Или вот я обедаю в «Епархии» вместе с учениками. Ну и что, разве я причиняю им какой-то вред? Напротив. Тогда откуда же этот страх? Меня раскусили, разгадали! Директор все смотрит и смотрит на меня. Он снял свои черные очки, держит их в руке, и я вижу его глаза, его пристальный взгляд. Это он специально для меня говорит так громко. Это он меня предупреждает, мне грозит! Я весь взмок, точно пьяница, которого вырвало и от которого так несет блевотиной, что окружающих тоже начинает тошнить. От меня несет блевотиной страха. Вот он, мой удел… " И Жан Кальме, забыв о том, что он считается опытнейшим преподавателем латыни, что его любят ученики, что он верой и правдой служит гимназии, терзает и казнит себя, сидя в глубине зала, пока директор отвечает на вопросы собравшихся.
Теперь берет слово великий латинист Сильвен Готье. Сухопарый господин с седыми усами ожесточенно излагает аудитории свои доводы. Вот уж этот не уступит никому! Жан Кальме учился у него, будучи в коллеже, ему хорошо знаком нрав этого сурового и неподкупного старого римлянина. Стоит Сильвену бросить взгляд на Жана Кальме, как тот испуганно съеживается, точно он и сейчас сидит в младшем классе за партой, подвергаясь бесконечным допросам по поводу Вергилия или Цицерона. Следом выступил Верре, сказавший всего несколько слов, притом весьма бессвязно. За ним маленький Баймберг, математик; напористый, даже агрессивный, с крутыми завитками над высоким лбом, он разразился резкой критической речью, произнесенной с пылом истинного трибуна. Красавец эллинист Уллигер спокойно и невозмутимо проанализировал ситуацию. Дамы влюбленно взирали на его серебристые виски. Наконец, слово взял Жакку; когда он поднялся с места в своем канареечном жилете и оранжевом пиджаке и начал выступление, грозно сверкая очками, уверенным, непререкаемым тоном, присутствующие сразу вообразили его в роли нового директора. Жан Кальме восхищался им — и молчал. Все проголосовали — раз, другой. Шарль Авене, идальго с аристократическими манерами и длинной шеей изысканного писателя, встал и объявил, что ровно ничего не понимает в происходящем. Жан Кальме невольно ухмыльнулся, но так и не осмелился раскрыть рот. У него болела голова; он сидел в последнем ряду просторного актового зала, весь в испарине, терзаясь вопросом: отчего он так не похож на всех этих честных праведников.

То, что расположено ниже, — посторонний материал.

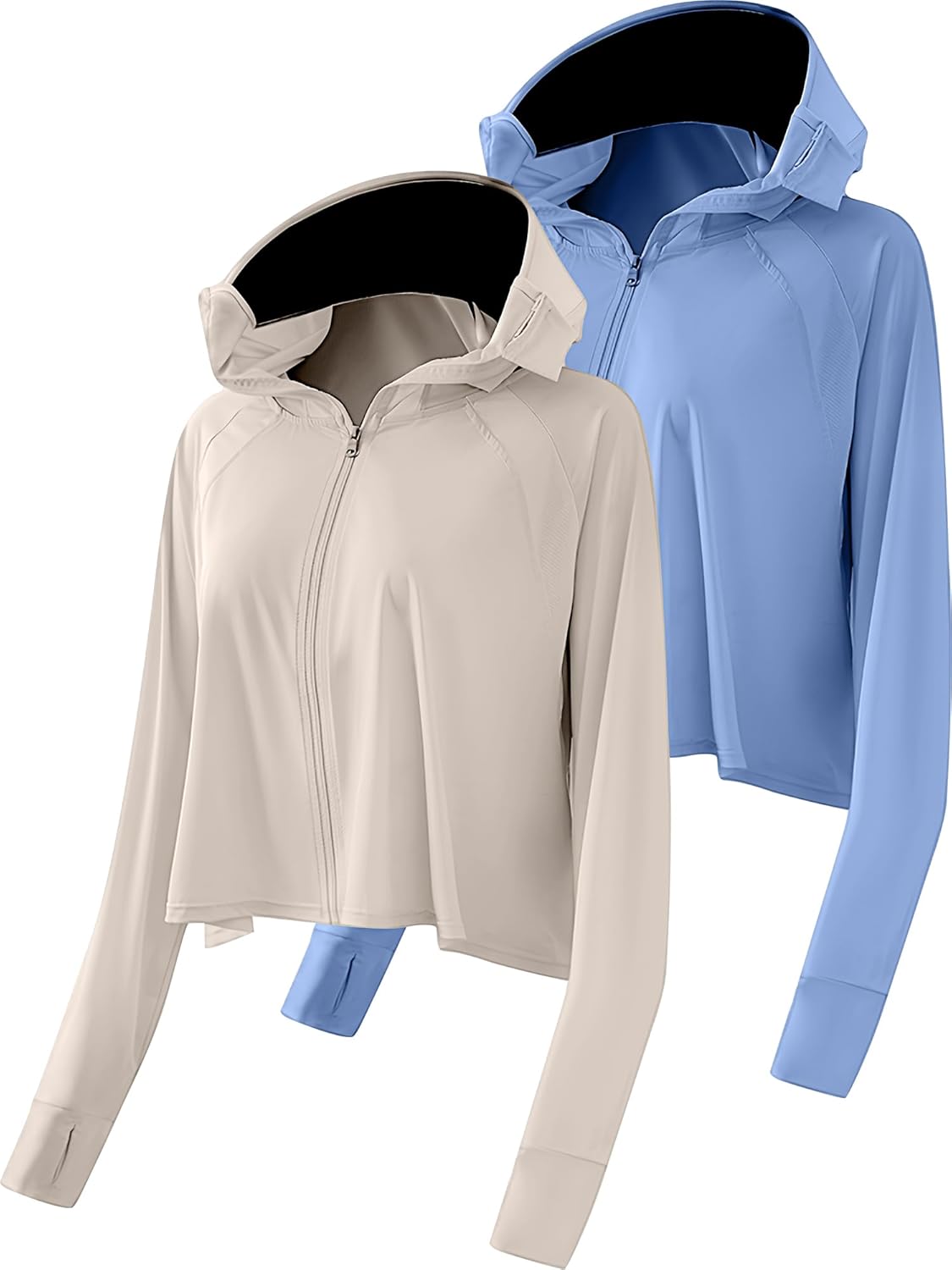 Hercicy 2 Pcs Women's Sun Protection Jacket Hoodie with Mask UV Lightweight Full Zipper Long Sleeve Clothing Shirt Outdoor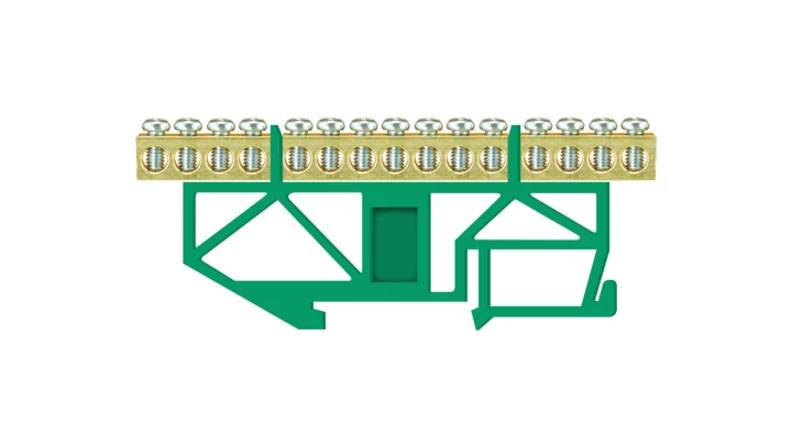 Listwa zaciskowa wysoka na szynę 15-torowa zielona TH35 E.4043
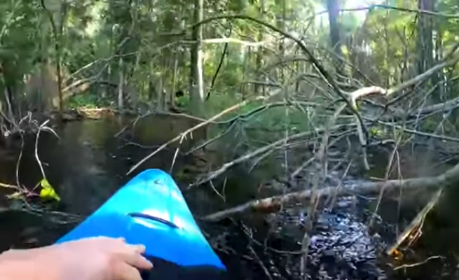 لقطات الحادث المرعب: حيث تُظهر اللقطات المُسجلة جويس وهو يُجدّف في النهر المغطى بالأشجار، في حين كان التمساح يتربّص به فوق سطح الماء إلى يساره.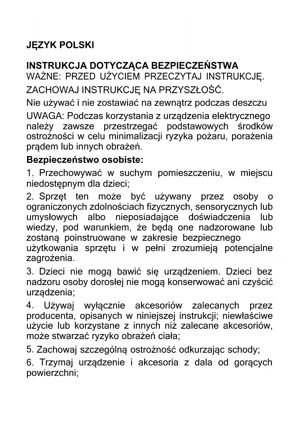 WAŻNE: PRZED UŻYCIEM PRZECZYTAJ INSTRUKCJĘ. ZACHOWAJ INSTRUKCJĘ NA PRZYSZŁOŚĆ. Nie używać i nie zostawiać na zewnątrz podczas deszczu UWAGA: Podczas korzystania z urządzenia elektrycznego należy zawsze przestrzegać podstawowych środków ostrożności w celu minimalizacji ryzyka pożaru, porażenia prądem lub innych obrażeń. Bezpieczeństwo osobiste: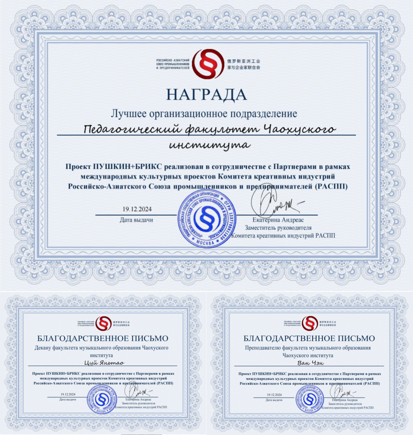 近日,教师教育学院青年教师崔雁涛博士、王程博士在“普希金+金砖”国际音乐大赛评审中,以卓越的专业素养和严谨的评审态度,助力学院荣获俄罗斯-亚洲工业家与企业家联合会创意产业委员会(РАСПП)授予的“最佳组织部门”称号。该荣誉旨在表彰awc777万象城娱乐官网在“普希金+金砖”国际文化项目框架下,为推动国际文化交流与教育合作所作出的突出贡献。两位年轻教师同时获得比赛组委会授予的“杰出指导教师”提名表彰。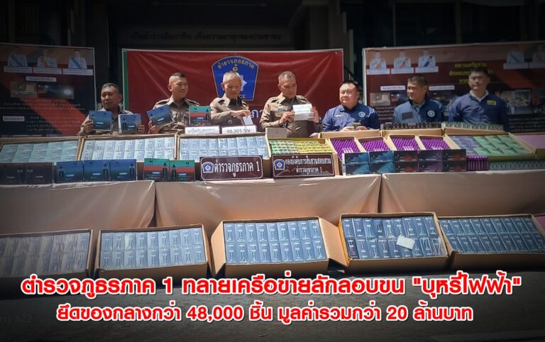 ตำรวจภูธรภาค 1 ทลายเครือข่ายลักลอบขน “บุหรี่ไฟฟ้า” ล็อตใหญ่จากภาคใต้เข้าพื้นที่ภาคกลาง ยึดของกลางกว่า 48,000 ชิ้น มูลค่ารวมกว่า 20 ล้านบาท ดำเนินคดีผู้เกี่ยวข้อง 3 ราย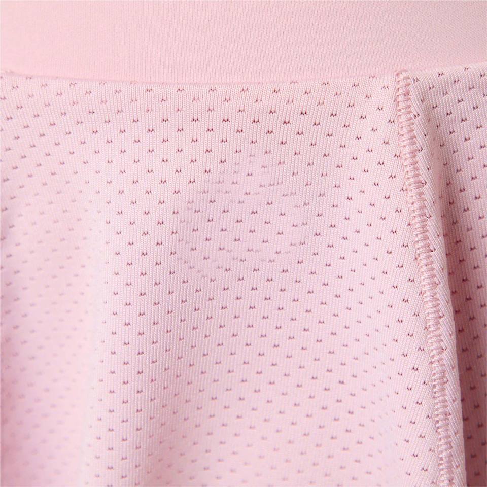 กระโปรงผ้าโพลีเอสเตอร์รัดรูปของผู้หญิงกระโปรงระบายอากาศสีชมพูเอวสูงผ้าตาข่ายแบบรัดกล้ามเนื้อ100%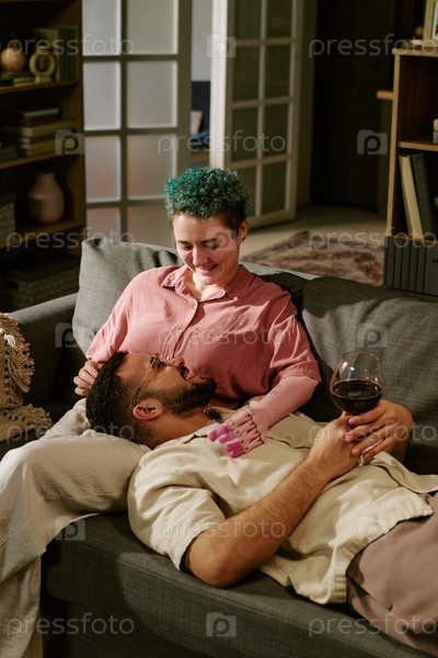 Молодая женщина с протезированной рукой отдыхает с молодым человеком на диване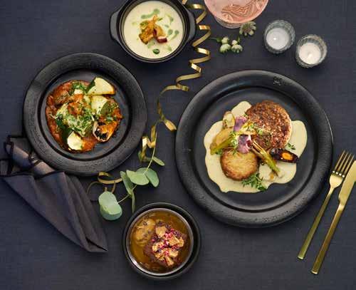 Vegansk juicy bøf lavet på rødbeder og svampe, serveret med karl johansauce, pommes fondant, tre slags gulerødder, springløg og gramolata af grønkål, skalotteløg og syrlig citronskal.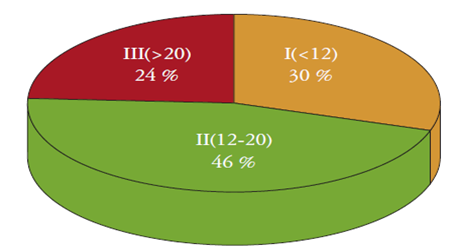 Esta sección presenta los resultados generales respecto de las caracterís ticas de las revistas, el total de publicaciones y los niveles de producción por tema. La figura 1 presenta la distribución de revistas de acuerdo con el número de artículos que publican en promedio anualmente. Las revis tas con menos de 12 artículos por año representan el 30 % de las revistas clasificadas (11), entre 12 y 20 artículos por año un 46 % de las revistas clasificadas (17), y el restante 24 % son revistas con más de 20 artículos por año (9). Se denominan como categorías 1, 2, y 3, respectivamente, para el propósito de este análisis. Se aclara que estas no se relacionan con la calidad o ranking de la revista.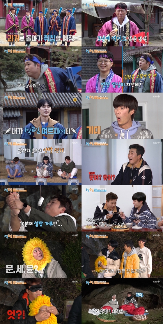 이후 멤버들은 야외 취침에 당첨됐던 뗀석기 팀(연정훈 나인우)의 취침 장소인 한드미 동굴로 향했다. 이곳에서 기상 미션이 없는 대신 새벽 2시부터 아침을 준비해야 할 팀이 결정된다는 소식이 전해졌다.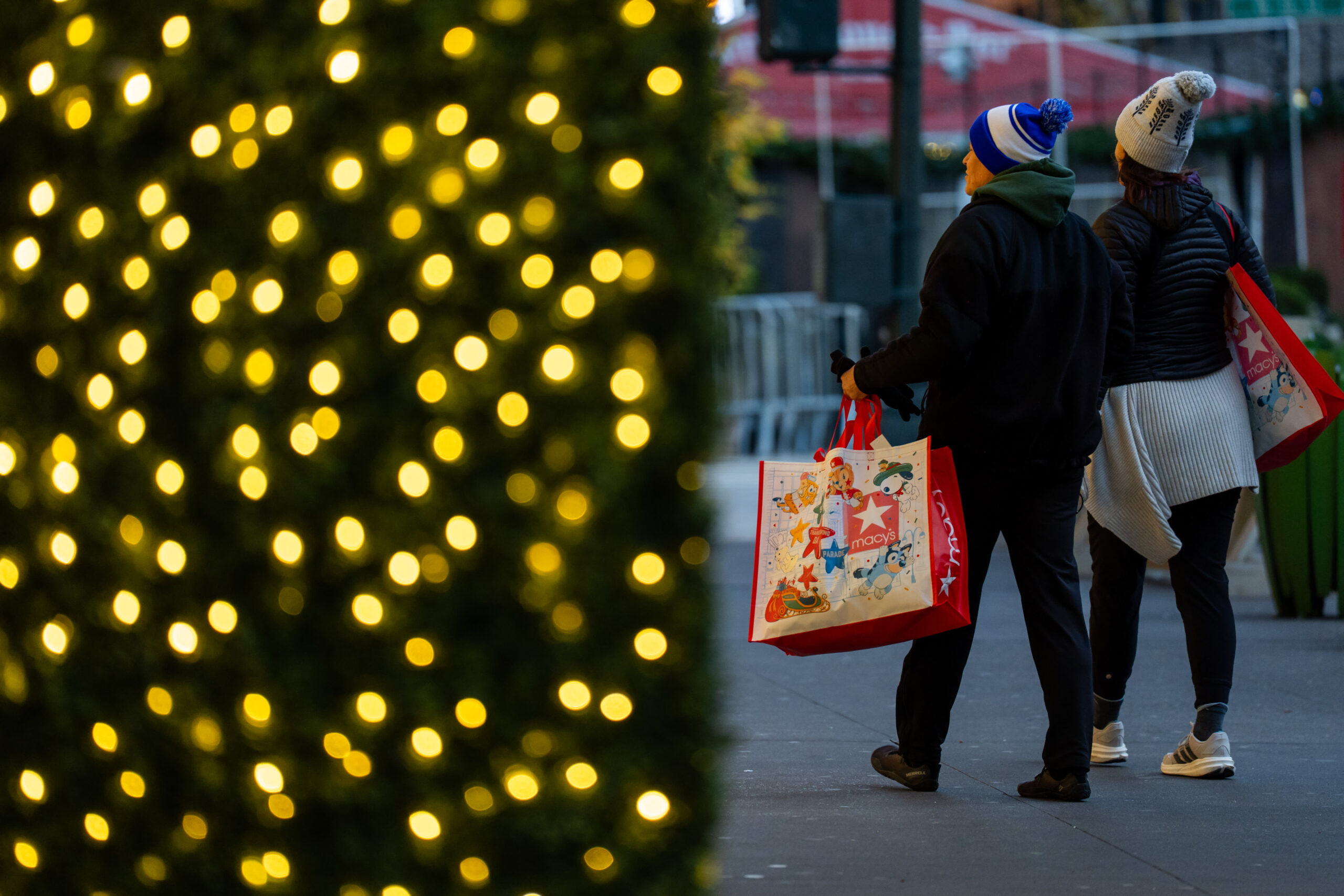 Shoppers carry Macy’s bags outside of Macy’s flagship store on Black Friday in New York, US, on Friday, Nov. 28, 2025.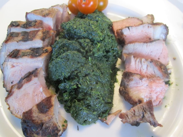 I’ve chosen to serve my chops off the bone and sliced steakhouse-style with the perfect accompaniment of pureed spinach. They could also be served on the bone with a salad (one of my guests doesn’t like pureed spinach and doesn’t like the bone removed).

Собрание продолжалось все утро. В полдень Жан Кальме, совершенно измотанный, пошел домой, свалился и заснул. Ему привиделись дурные сны. По пробуждении он вспомнил один из них: он бежит, раздетый догола, по двору гимназии, привратник ловит его и несет, возмущенно жестикулируя, в учительскую, где он, невзирая на стыд и наготу, вынужден произнести речь перед коллегами, которые, уж конечно, никогда не простят ему этого позора. Директор Грапп запирается вместе с ним у себя в кабинете, сочувственно разглядывает его и, наконец, одалживает офицерскую шинель, чтобы Жан Кальме мог добраться до дома.
* * *
Воскресенье, Монтре. С одной стороны горы — там голуби ныряют в зеленое море листвы; с другой — озеро, там лебеди и чайки воюют за добычу в пенистой воде с барашками, поднятыми холодным ветром. Мрачное прибытие: с самого Кларана по берегу нескончаемой чередой тянутся мифологические здания с башнями, зубчатыми стенами, эркерами, галереями, бойницами, балконами и балкончиками, нависающими над пальмовыми кущами, — отель «Руссо», отель «Тильда», отель «Лориус», величественный «Монтре-палас», увешанный швейцарскими флагами, хлопающими на ветру, а позади горы, чьи серебристые снежные вершины нестерпимо слепят глаза; и снова отели — «Казино», небоскреб «Евротеля», «Лондон», «Отель дю Парк», «Райский уголок», «Метрополь»… Сердце города.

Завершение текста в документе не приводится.